Material provided:
──────────────────────────────

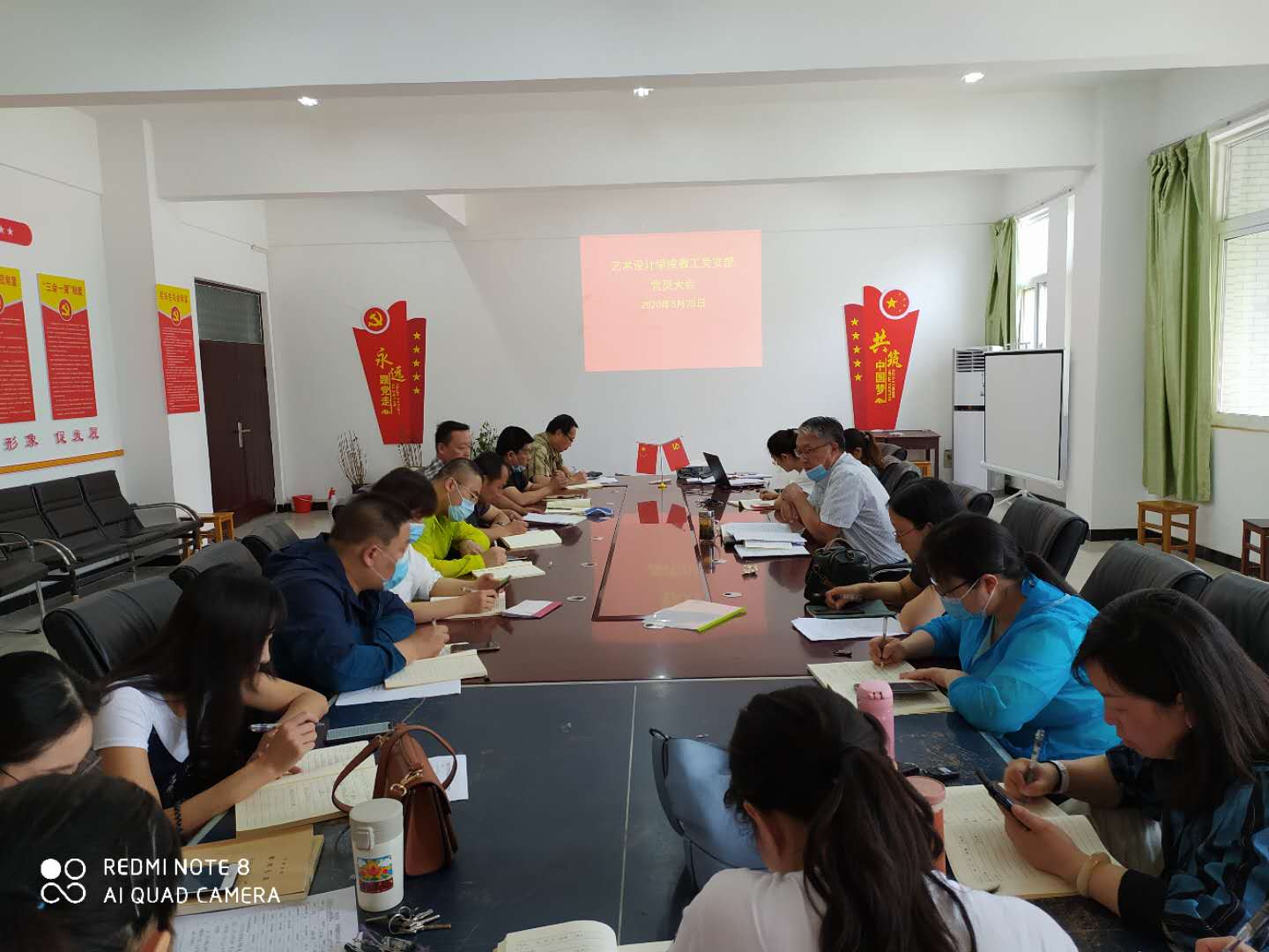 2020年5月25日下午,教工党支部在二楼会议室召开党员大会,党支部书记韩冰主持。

──────────────────────────────

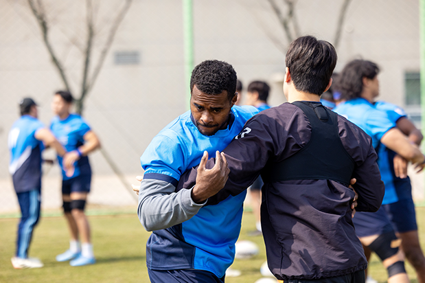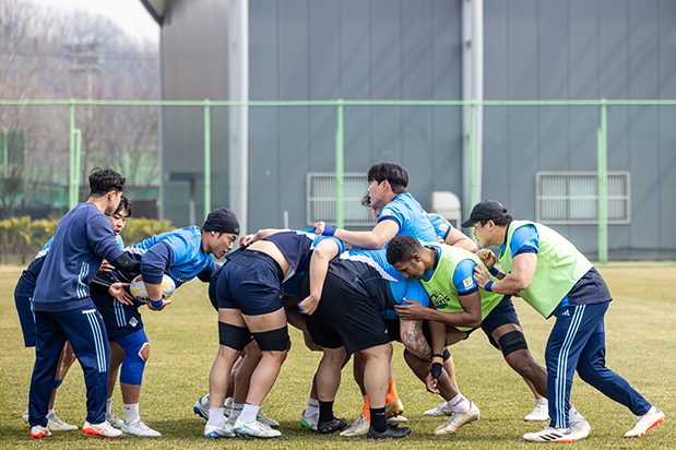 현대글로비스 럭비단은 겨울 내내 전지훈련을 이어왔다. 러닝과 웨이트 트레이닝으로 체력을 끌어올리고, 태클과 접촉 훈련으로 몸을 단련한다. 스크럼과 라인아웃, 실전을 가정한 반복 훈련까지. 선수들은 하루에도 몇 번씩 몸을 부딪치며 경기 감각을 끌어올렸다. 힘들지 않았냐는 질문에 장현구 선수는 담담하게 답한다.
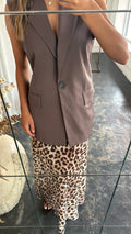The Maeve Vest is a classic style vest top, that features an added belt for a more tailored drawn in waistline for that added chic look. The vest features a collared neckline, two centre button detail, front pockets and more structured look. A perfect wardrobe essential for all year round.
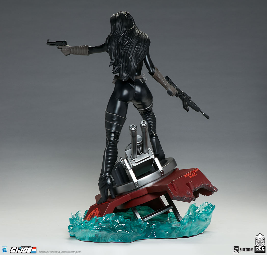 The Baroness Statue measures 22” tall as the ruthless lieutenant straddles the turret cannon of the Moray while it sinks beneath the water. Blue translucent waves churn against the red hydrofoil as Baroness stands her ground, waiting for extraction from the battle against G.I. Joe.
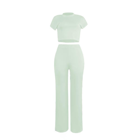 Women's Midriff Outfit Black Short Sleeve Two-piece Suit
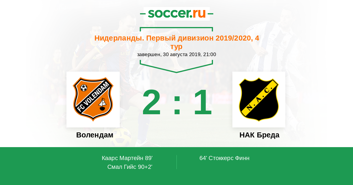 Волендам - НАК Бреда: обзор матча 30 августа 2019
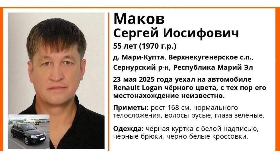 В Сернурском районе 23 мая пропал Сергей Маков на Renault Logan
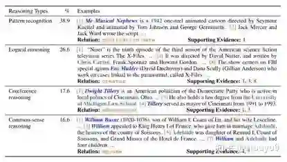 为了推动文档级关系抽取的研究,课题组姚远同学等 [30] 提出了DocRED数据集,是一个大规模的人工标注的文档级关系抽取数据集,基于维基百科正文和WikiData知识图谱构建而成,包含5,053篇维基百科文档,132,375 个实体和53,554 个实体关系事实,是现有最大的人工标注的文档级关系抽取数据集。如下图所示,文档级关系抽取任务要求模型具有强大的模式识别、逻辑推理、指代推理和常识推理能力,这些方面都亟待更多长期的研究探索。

──────────────────────────────

What to produce: Pictures are to be left out. Write out only the lines above starting at the one with "Волендам - НАК" and ending at the one with "В Сернурском районе", both lines included, exactly.

Output of the task:
 Волендам - НАК Бреда: обзор матча 30 августа 2019
 В Сернурском районе 23 мая пропал Сергей Маков на Renault Logan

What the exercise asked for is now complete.